The Toronto archdiocese tried to help him find an alternative location, including St. Augustine’s Seminary in Scarborough. But Schmalz, who describes his work as a visual prayer, wanted to reach a wider, secular audience. “I wanted not only the converted to see it, but also the marginalized. I almost gave up trying to find a place.”
Now the sculpture stands near Wellesley St. W., outside Regis College at the University of Toronto. It’s a Jesuit school of theology, where priests and lay people are trained, with an emphasis on social justice.
Bill Steinburg, communications manager for the Toronto archdiocese, says the decision not to accept the sculpture at St. Michael’s may have had to do with renovations at the cathedral and “partly to do with someone’s view of the art.”
To some who have seen it, it speaks the message of the Gospels. When theologian Thomas Reynolds came upon it he felt “the shock of recognition.” He quoted the biblical passage: “ … the Son of Man has nowhere to lay his head.”
“I’m so used to seeing images of Jesus that are palatable,” says Reynolds.
But recent depictions of Jesus in political and social contexts have spurred controversy.
At Emmanuel College, the educational arm of the United Church where Reynolds teaches, there is a graceful sculpture showing Jesus’ suffering in a crucified woman. Schmaltz says he intended that his Jesus the Homeless can be interpreted as either male or female.
At Regis College, there is a small crucifix of Jesus as a landmine victim, missing a leg; another at the college shows Jesus as an Aztec.
A sculpture in a church in Uckfield, England, shows a euphoric Jesus wearing jeans and a collared shirt.
In 2011, British sculptor David Mach, created an agonized, shouting Jesus out of 3,000 straightened coat hangers that emerge like barbs from the body.
Jesus the Homeless is provocative, says Reynolds, because it ‘punctures the illusion of normalcy.
“In certain ways, Christian communities have been privileged and considered themselves the norm in society and that has made Christians comfortable in our complacency.”
Schmalz, 43, roots the sculpture in his experiences in Toronto, where he trained at the former Ontario College of Art. “I was totally used to stepping over people. You’re not aware they are human beings. They become obstacles in the urban environment and you lose a spiritual connection to them. They become inert, an inconvenience.”
He now lives with his wife and family in St. Jacobs, Ont. When he returns to Toronto, he sees the city differently.
“A lot of people who don’t live in Toronto or a big urban place are shocked to see human forms under blanket on too many street corners.”
The Regis sculpture shows Jesus as a wanderer who depended on the hospitality of others, says Reynolds. “The counternarrative in Christianity is Jesus the outsider.”

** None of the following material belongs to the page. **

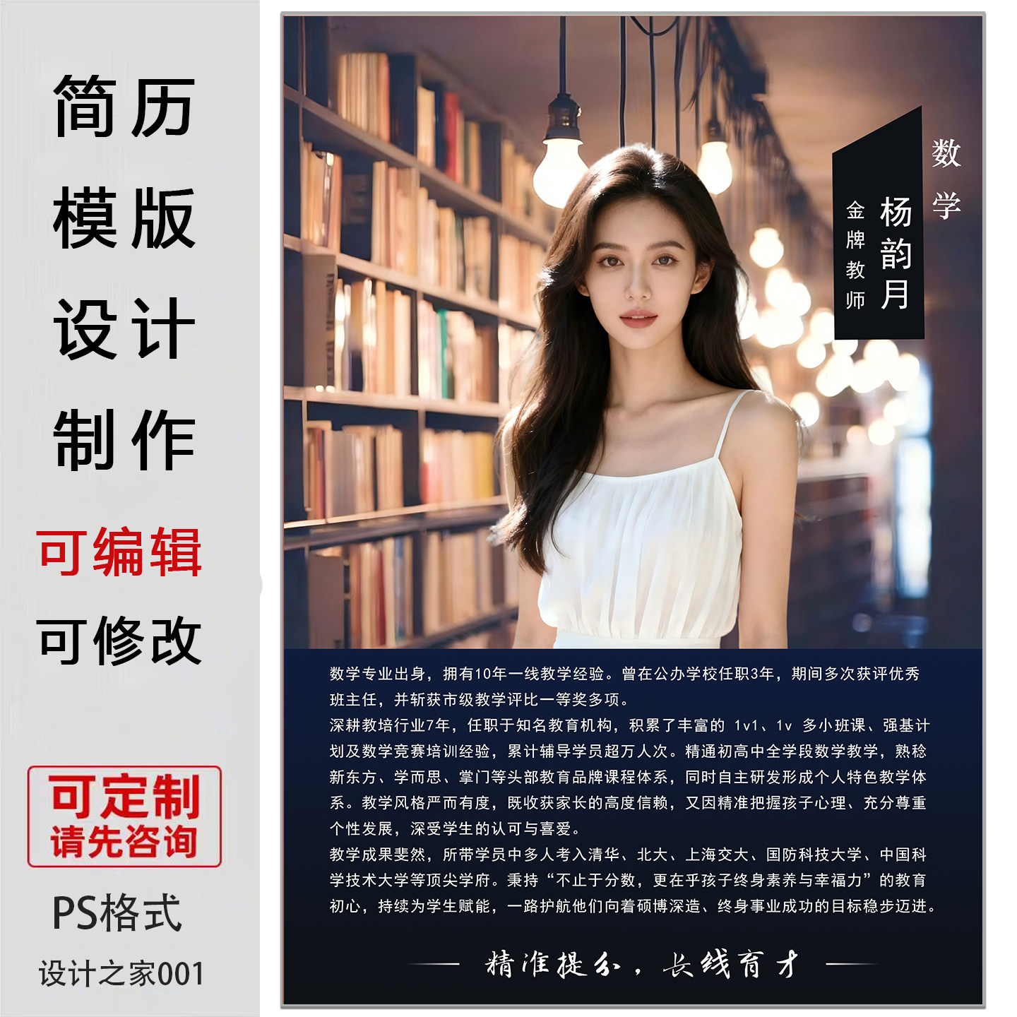老师个人简历模板设计制作可编辑定制PS素材教师简介海报电子版

Not all embrace this interpretation, as Bryan Stallings and his wife Amy discovered. They run a mission in Branson, Mo., called Jesus Was Homeless, where they serve about 1,000 people a week, many of whom live in the woods and extended-stay motels. They’ve been criticized for the mission’s name.
“People who have issue with it are usually the staunch religious people,” says Stallings, “especially those who follow prosperity teaching and doctrine that says if you are homeless or poor you don’t have enough faith.”
Critics tell him that Jesus wasn’t homeless. “Then we reference Scripture and it sparks tons of conversation.”
The Toronto sculpture, funded by Kitchener real estate developer Peter Benninger, is situated near the front entrance to Regis College. “It’s one of the most inviting and authentic representations of Jesus,” says Rev. Gordon Rixon, dean of the college. “There’s the suggestion there is the king and he is answering our culture with his poverty, vulnerability and weakness.”
Though the slender figure occupies most of the two-metre bench, Schmalz purposely left space at the end for someone to sit close to the slumbering figure, “as uncomfortably as possible.”